Although a copy of the bill is not yet available, Allen said the legislation also calls for "disgorgement" of profits made on illegal spyware activity.

"In other words, get after the ill-gotten gains of these criminals," he said. "The proceeds can be used to actually fund further prosecutions."

Allen also threw a sharp elbow at pop-up adware firms that are fighting current efforts requiring them to obtain a user's consent before installing their trafficking software.

"Every legitimate business associated with the Internet has a clear interest in eliminating spyware," he said. "In fact, false and misleading practices associated with spyware threaten consumer confidence and harm the Internet as a viable medium for communications and electronic commerce."

More than a year ago, the FTC told Congress the solution to spyware is more likely to be found in better technology solutions and intensive consumer education than in either state or federal legislation.

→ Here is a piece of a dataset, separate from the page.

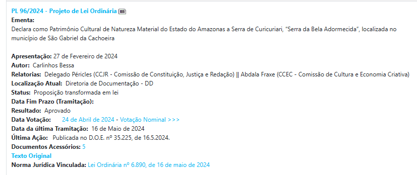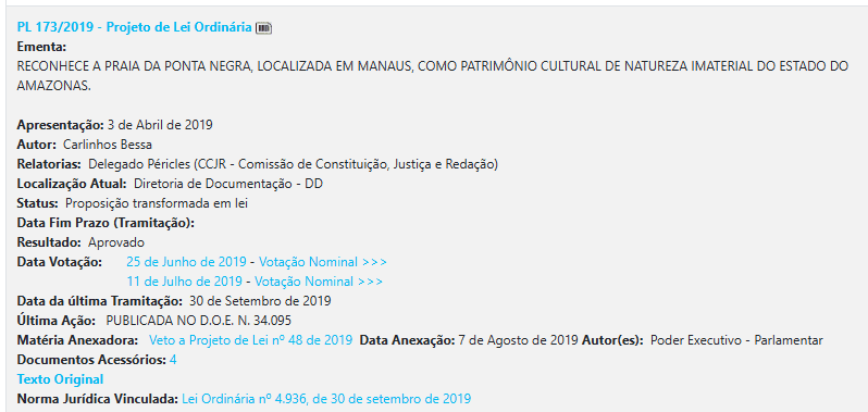 Entre os exemplos estão a criação de dias estaduais para designer gráfico, designer de interiores, escotismo e parteiras, além de uma sequência de leis que transformam eventos e locais em patrimônios culturais. Ainda que legítimas do ponto de vista cultural, essas propostas pouco dialogam com os grandes assuntos de interesse do Amazonas, como saúde, infraestrutura, segurança e desenvolvimento econômico.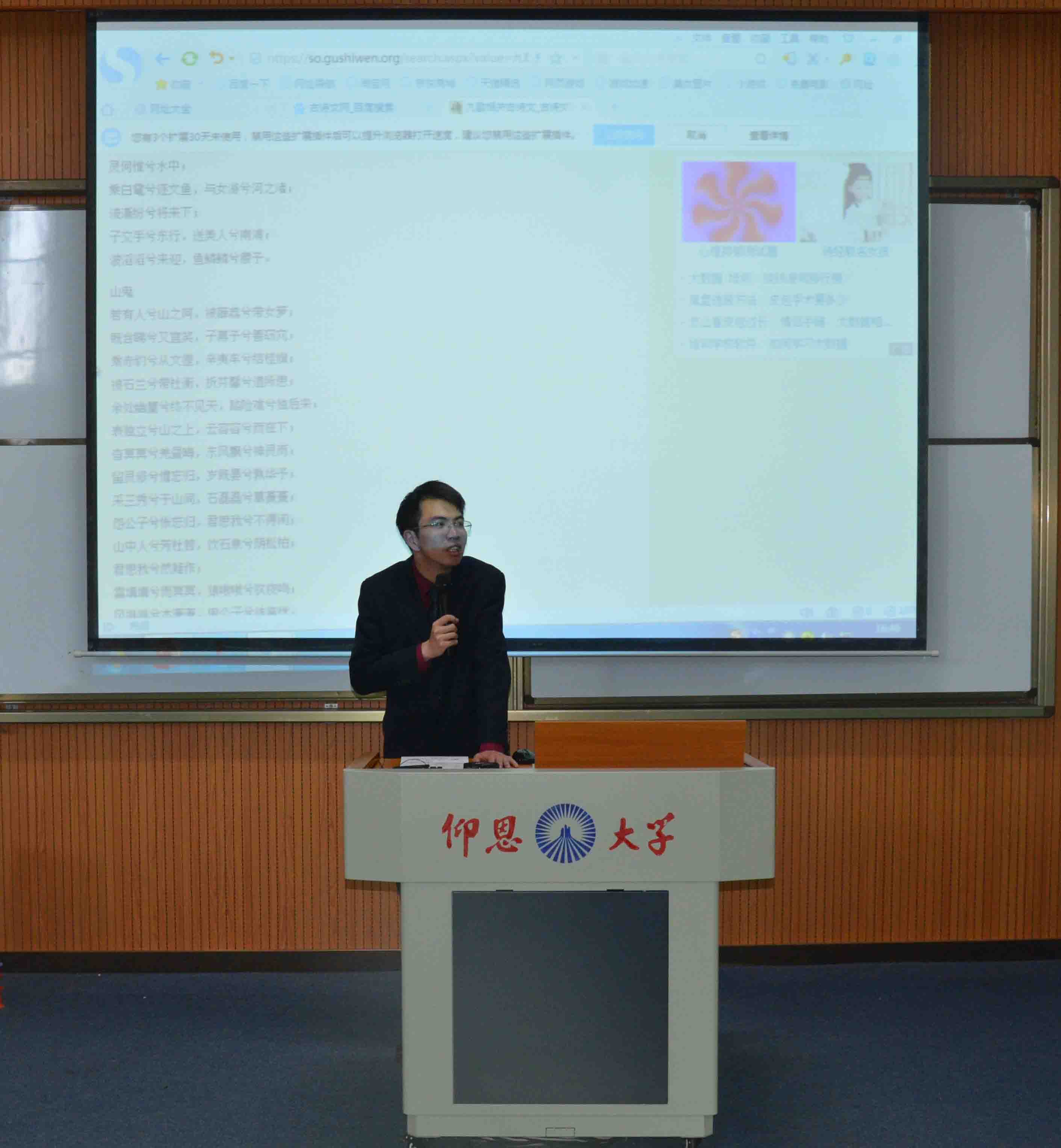 中文系汪钰老师作为特邀嘉宾从专业的角度为我们解读本次决赛的两首曲目《山鬼》和《地道战》。山鬼出自屈原的作品《九哥·山鬼》,汪老师解释山鬼即山神,并且把整篇作品分为三个部分,指出第一部分是迎接山神,情感是庄重的,第二部分和第三部分是山神的内心独白,第二部分的情感是深情的,而到了第三部分的情感是凄凉和绝望的。作品表面上是山神对爱情的执着、坚贞,更深层次的理解是屈原对理想的追求、对祖国的挚爱。同时,汪老师结合自己所观看过的《红色娘子军》来讲解《地道战》,认为他们有异曲同工之处,认为《地道战》要唱的铿锵有力,避免因为我们女生多处理的过于柔和,同时分析了地道战和正面战场的不同之处,认为地道战更为灵活,而且在感情上不同于正面战场的雄伟悲壮,更加突出的应该是革命乐观主义。汪老师希望通过这样解读,让同学们在唱歌的过程中对情感和节奏有更准确的把握,能够表演的更加到位。

In November, FTC Commissioner Orson Swindle again questioned the need for new laws.

"Our experience at the Department of Justice and at the FTC is that [current] law is adequate," Swindle said. "Most, if not all, spyware is executed under a deceptive cloud. If people are deceived, it's a deceptive practice."

The House ignored the FTC's position, passing two anti-spyware bills last year, but neither measure came to a vote in the Senate. This year, new anti-spyware legislation is pending a floor vote in the House while the Senate begins hearings on the matter.

"All of us can agree that under no circumstances is it acceptable to deceptively monitor a consumer's activities online," Allen said Wednesday. "I prefer market-driven solutions, but I believe Congress can take an active role."

According to Allen, his legislation will also provide the FTC with authority to share and coordinate information with foreign law enforcement officials in order to "bring cases and prosecute international spyware purveyors."

A study conducted in October 2004 by America Online and the National Cyber Security Alliance found that some type of spyware program was loaded on approximately 80 percent of the surveyed computers.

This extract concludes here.